Research on dielectric spectroscopy has been performed with limited observations of relaxation processes and has not revealed all the relaxations embedded in polymers. The interfacial or Maxwell–Wagner–Sillars (MWS) relaxation process occurs in heterogeneous systems, including the conduction contribution in two polymers, which has not been investigated until now. Moreover, relatively less attention has been given to the investigation of the dielectric and electrical behaviors of polymers, especially at temperatures higher than the glass transition temperature T_g. The dielectric spectrum is mainly governed by the relaxation time for relaxation processes in polymers. This spectrum occurs over a wide frequency range due to line broadening from distributions in the relaxation times and the superposition of corresponding relaxation processes [21, 22]. Therefore, it is difficult to fully discern and characterize the overall relaxation processes embedded in the studied polymers.

This work decomposes the superimposed dielectric spectrum and assigns the peaks of the relaxation processes in the dielectric spectrum, resulting in the characterization of several relaxation processes with a developed dispersion analysis program [23]. The upgraded algorithm is used to analyze the relaxation processes by selectively satisfying either real or imaginary dielectric data based on three governing functions—the Cole and Cole [24], Davidson and Cole [25], and HN [26] functions—together with the conduction contribution. The upgraded program is applied to characterize the entire relaxation processes that exist in the two polymers—NBR and EPDM—under study. As the extension of dielectric spectroscopy research on NBR was investigated recently [23], research on EFDM has been completed. The present work was performed for NBR specimens produced from both different batches and compositions in [23]. Furthermore, this research is extended to lower frequencies reaching 0.01 Hz. These investigated results for both polymers are discussed and reviewed. The molecular chains of the two polymers responsible for the relaxation processes are assigned by molecular modeling. The temperature dependence of the relaxation strength and shape parameters for the relaxation spectra are investigated. Upon finding the α and β relaxations, conduction levels and MWS contributions in the two polymers, the activation energy, and glass transition temperature are obtained and discussed. The origin of the merged αβ process in EPDM was first revealed from the temperature dependence of the relaxation spectra and relaxation strength.

2. Materials and Methods

2.1. Sample Preparation

NBR is a butadiene-based synthetic rubber made by copolymerizing combinations of butadiene (CH₂CH=CHCH₂) and acrylonitrile (CH₂CHCN). The NBR specimen used in this work was synthesized by a Korean domestic company and contained 50% carbon black as a filler. The acrylonitrile content amounts to 34% of the total amount of NBR. The glass transition temperature varies depending on the acrylonitrile content. NBR is widely used as a sealing material due to its excellent gas resistance [27]. Thus, NBR polymer materials have been used as O-ring seals for flange connections, threaded connectors, and various valves in high-pressure hydrogen infrastructures.

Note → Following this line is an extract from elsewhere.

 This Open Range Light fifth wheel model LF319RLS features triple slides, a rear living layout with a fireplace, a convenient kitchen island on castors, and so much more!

EPDM is an ethylene-based synthetic rubber made by copolymerizing various combinations of ethylene (CH₂CH₂), propylene (CH₂CHCH₃), and ENB monomer. EPDM elastomers have excellent heat, ozone, weathering, and aging resistance [28]. EPDMs can be used in a wide range of applications, and typical applications include radiators, heater hoses, O-rings, and gaskets. The EPDM specimen used herein was also synthesized by a domestic Korean company, and 34% carbon black was included as a filler during the fabrication of the EPDM specimen. The chemical compositions of both the NBR and EPDM specimens are summarized in Table 1 [29].

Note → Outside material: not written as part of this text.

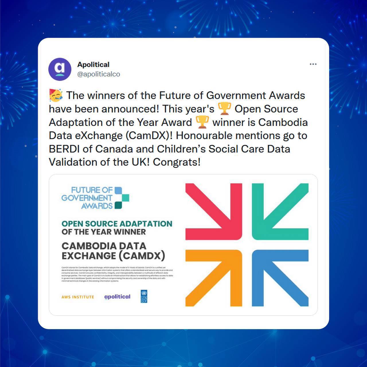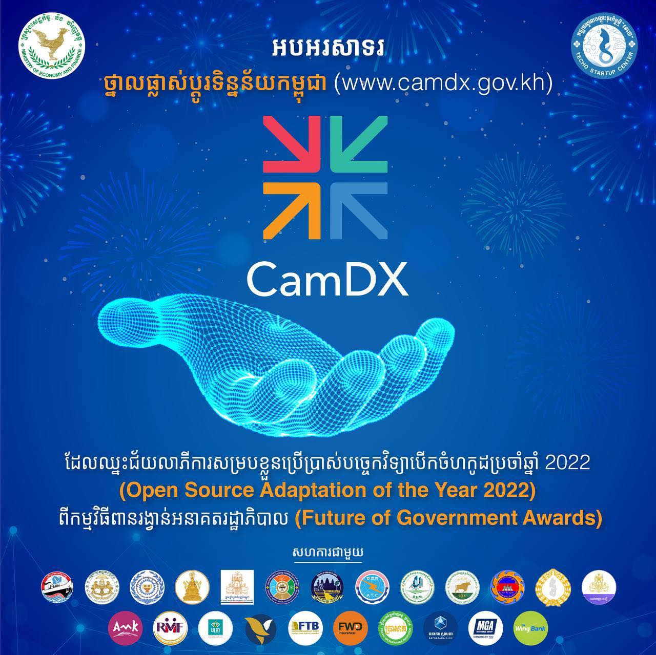 ភ្នំពេញ៖ សម្តេចតេជោ ហ៊ុន សែន នាយករដ្ឋមន្ត្រីនៃកម្ពុជា នៅថ្ងៃទី៥ ខែធ្នូ ឆ្នាំ២០២២នេះ តាមរយៈ Facebook ផ្លូវការបានចូលរួមអបអរជាមួយក្រសួងសេដ្ឋកិច្ច និងហិរញ្ញវត្ថុ រួមនឹងក្រសួង-ស្ថាប័នពាក់ព័ន្ធទាំងអស់ដែល «ថ្នាលផ្លាស់ប្តូរទិន្នន័យកម្ពុជា» (Cambodia Data eXchange ហៅកាត់ថា CamDX) ត្រូវបានប្រកាសទទួលជ័យលាភី Open Source Adaptation of the Year ពីកម្មវិធីពានរង្វាន់អនាគតរដ្ឋាភិបាល (Future of Government Awards ) ដែលបានសហការគាំទ្រដោយអង្គការកម្មវិធីអភិវឌ្ឍន៍សហប្រជាជាតិ (UNDP), Amazon Web Service Institute នៃក្រុមហ៊ុនអន្តរជាតិអាម៉ាហ្សូន និងបណ្តាញសាកលសម្រាប់រដ្ឋាភិបាល Apolitical ដែលមានគម្រោងចូលរួមប្រកួតប្រជែងចំនួន១៥០ និងមកពី៥២ប្រទេស សម្រាប់កម្មវិធីទាំងមូល។

2.2. Impedance Spectroscopy System

The impedance spectroscopy system used to measure the complex dielectric permittivity (Figure 1) is composed of a temperature-controlled chamber, a digital multimeter (Fluke 8842 A) for temperature monitoring, and an impedance analyzer (VSP-300) with a GPIB interface to a PC. The temperature is controlled and maintained by a heater and a circulating refrigerating medium varying at an interval of 5 K with temperature stability better than 0.2 K in a temperature range of 233 K to 404 K. The disc-shaped specimens (50 mm in diameter and 2.4 mm in thickness) are placed between two copper electrodes for this measurement.

Figure 1 

Configuration of the automatic impedance spectroscopy system for measuring the complex dielectric permittivity.

Both the real and imaginary permittivities from the measurements using the impedance analyzer are calculated with the following relation:where and and are the real and imaginary impedance values, respectively. A is the area of the specimen, and d is the thickness of the cylindrically shaped specimen. is the vacuum permittivity of 8.854 × 10⁻¹² F/m.

2.3. Dispersion Analysis Program

A dispersion analysis program for analyzing the complex dielectric permittivity in various polymers was developed. The program was written in C# in the Microsoft Visual Studio Net 2018 graphical user interface (GUI). It can be executed on a Microsoft Windows system. Figure 2 shows the algorithm of the dispersion analysis program, which employs parallel Nelder-Mead optimization. The original data were composed of a set of dielectric spectra and the frequency measured at each temperature. Basically, one isothermal spectrum can be fitted with a single model function.

Figure 2 

Algorithm of the dispersion analysis program, which employs parallel Nelder-Mead optimization.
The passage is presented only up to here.